When you open it up like that, you're effectively saying there is no right answer. And in the absence of a right answer, pluralism is the only option. And pluralism will lead to secularism, and to democracy, and to human rights. We must all focus on those values without worrying about whether atheism is the most intellectually pure approach. I genuinely believe that if we focus on the pluralistic nature of interpretation and on democracy, human rights, and secularism-on these values-we'll get to a time of peace and stability in Muslim-majority countries that then allows for conversations like this. Questioning whether God really exists would become a choice, open to all.
♥ Harris: ..However, I'm worried that progress on the practical problem will always be impeded by inertia on the intellectual one. Any position arrived at through this (granted, more appealing and more modern) approach to interpretation seems unstable, because fundamentalism can always rise again. And it will tend to rise again, to the degree that anyone feels the impulse to hew closely to the texts. What can you say to a person who thinks, "Okay, Maajid, you may be smarter than I am, but I just want to know what the Qur'an actually says. It says here that I should hate and fear infidels and take none as friends. So I'm just going to go with that and not split hairs."
♥ Harris: ..It seems to me that the Qur'an contains two central messages, and I would be interested to hear you reflect on how they might be open to a reformist approach-because, as generally understood, they seem inimical to pluralism, secularism, and everything else you're espousing.
The first is the demonization of infidels. However I squint my eyes or cock my head, a hatred and fear of infidels seems central to the Qur'an. Muslims are told to have no friends among them and are assured that Allah will mock, curse, shame, and destroy them on the Day of Judgment. In fact, their very skins will testify to their misdeeds, and they will burn for eternity in hellfire. There's simply no question that, under Islam, being an infidel is considered the worst possible deviation from the good life. Again, this idea isn't foreign to other religions-Judaism and Christianity both have a version of it. The difference is an emphasis. The evil of unbelief is spelled out in the Qur'an on almost every page, and one finds only a few stray lines-for example, "There is no compulsion in religion" (2:256)-with which to offset the general message of intolerance. There is also the doctrine of "abrogation," under which later-generally less tolerant-verses are believed to supersede earlier ones. My understanding is that 2:256 is nullified in this way.
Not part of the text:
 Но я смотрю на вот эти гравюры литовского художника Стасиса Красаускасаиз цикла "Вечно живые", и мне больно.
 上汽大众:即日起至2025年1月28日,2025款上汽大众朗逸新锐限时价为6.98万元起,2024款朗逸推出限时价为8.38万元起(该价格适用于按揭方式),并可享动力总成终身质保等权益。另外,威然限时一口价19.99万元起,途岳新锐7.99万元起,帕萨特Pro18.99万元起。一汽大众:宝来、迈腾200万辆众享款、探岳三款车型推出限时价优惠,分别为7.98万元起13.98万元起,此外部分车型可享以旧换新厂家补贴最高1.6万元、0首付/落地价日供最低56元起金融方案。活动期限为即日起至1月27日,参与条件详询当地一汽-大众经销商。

The second central message-the other side of the same coin, really-is the promise of paradise, which explicitly devalues life in this world. Obliviously, that isn't unique to Islam either, but the belief in martyrdom, and in jihad as a way of achieving it, is primarily a Muslim phenomenon. Islam teaches that dying in defense of the faith is among the surest paths to paradise-and the only one to reach it directly, bypassing the Day of Judgment. Some teachings suggest that a martyr can bring seventy of his dearest friends and family in after him. And we all know about the virgins who seem to guarantee that eternity will be spent in an open-air bordello. The belief that a life of eternal pleasure awaits martyrs after death explains why certain people can honestly chant, "We love death more than the infidels love life." Again, you and I both know that these people aren't bluffing. They truly believe in martyrdom-as evidenced by the fact that they regularly sacrifice their lives, or watch their children do so, without a qualm.
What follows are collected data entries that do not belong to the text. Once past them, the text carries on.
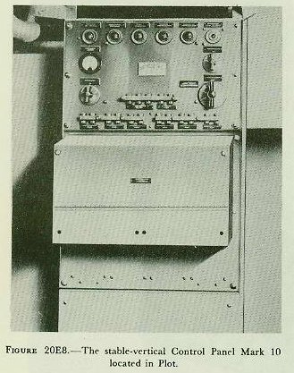 figure 20E8. it contains the various switches, fuses, signal lights, and other apparatus necessary for the control of the stable vertical. The stable vertical panel also contains the switches operating the mercury cut-out valve which prevents malfunctioning of the gyro during high-rate maneuvers of own ship. These switches require synchro inputs of own-ship speed and course for their operation.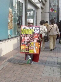 サンドイッチマン(サンドウィッチマン、英:sandwich man)とは、広告宣伝手法の一つで、人の胴の前面と背中の両方に宣伝用の看板(サンドイッチ・ボード)を取り付け、町中にたたずみ、あるいは歩行する広告手法、およびその看板を取り付けられた人のことをいう。 人間広告塔の形態のひとつである。 Wikipedia (JA)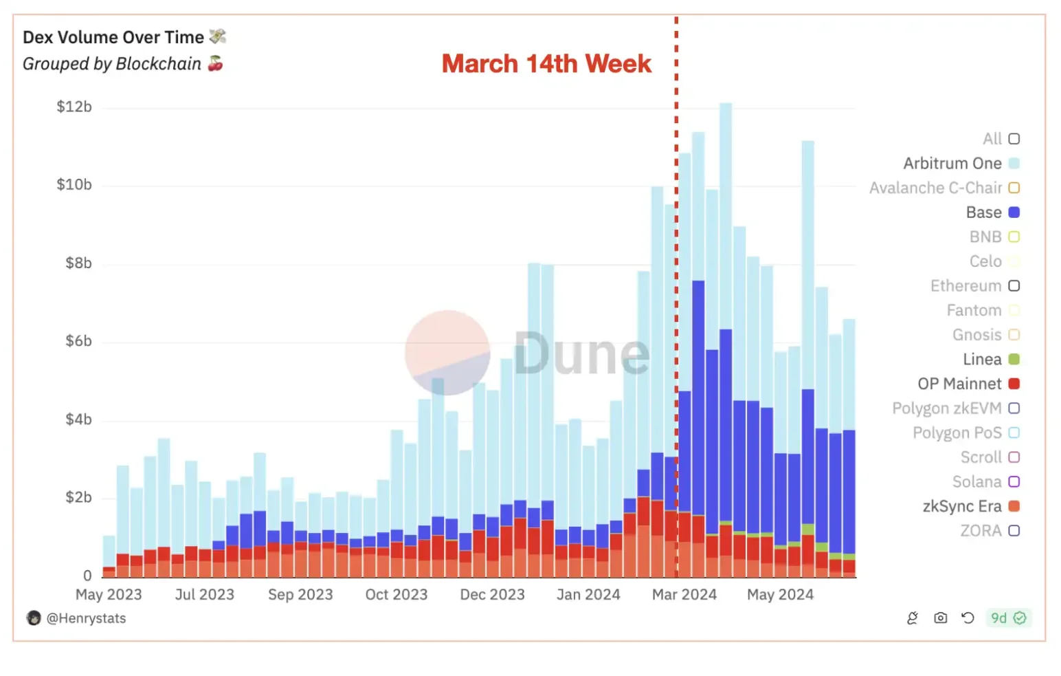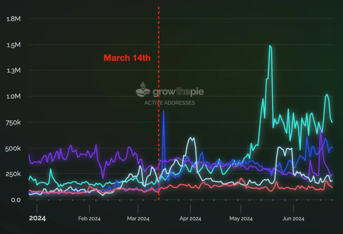 尽管很难确定这是有机参与的结果还是受到激励计划和 Sybil 活动的影响——但自去年年底以来,随着市场条件的改善和由 Solana 上的 WIF 引发的 memecoin 季节的到来,所有主要 L2 上的活跃地址和 DEX 交易量都明显在 EIP-4844 升级后增加,特别是在 Base 和 Arbitrum 上。

♥ Nawaz: ..I'm not in the business of denial, or of burying my head in the sand. That's why I do the work I do, because I want to confront these issues head-on. I wish other Muslims would confront them as well, and have conversations with the likes of you and Ayaan, because that's what's needed. It's how we will resolve all this. ..We cannot disempower people who aren't Muslims from discussing this, because everyone-the whole human race-has to deal with the implications of our failure to fix this question. We Muslims must get used to the fact that people will criticize our religion, just as we criticize everyone else's religion for not being "true." Some people will choose to leave the faith, and wee Muslims will need to come to terms with this, and to understand how to treat ex-Muslims not just with civility but with the utmost respect. Critiquing Islam, critiquing any idea, is not bigotry. "Islamophobia" is a troubled and inherently unhelpful term. Yes, hatred of Muslims by neo-Nazi-style groups does exist, and it is a form of cultural intolerance, but that must never be conflated with the free-speech right to critique Islam. Islam is, after all, an idea; we cannot expect its merits or demerits to be accepted if we cannot openly debate it. So I'm not one to try to avoid these issues. We have to address them head-on.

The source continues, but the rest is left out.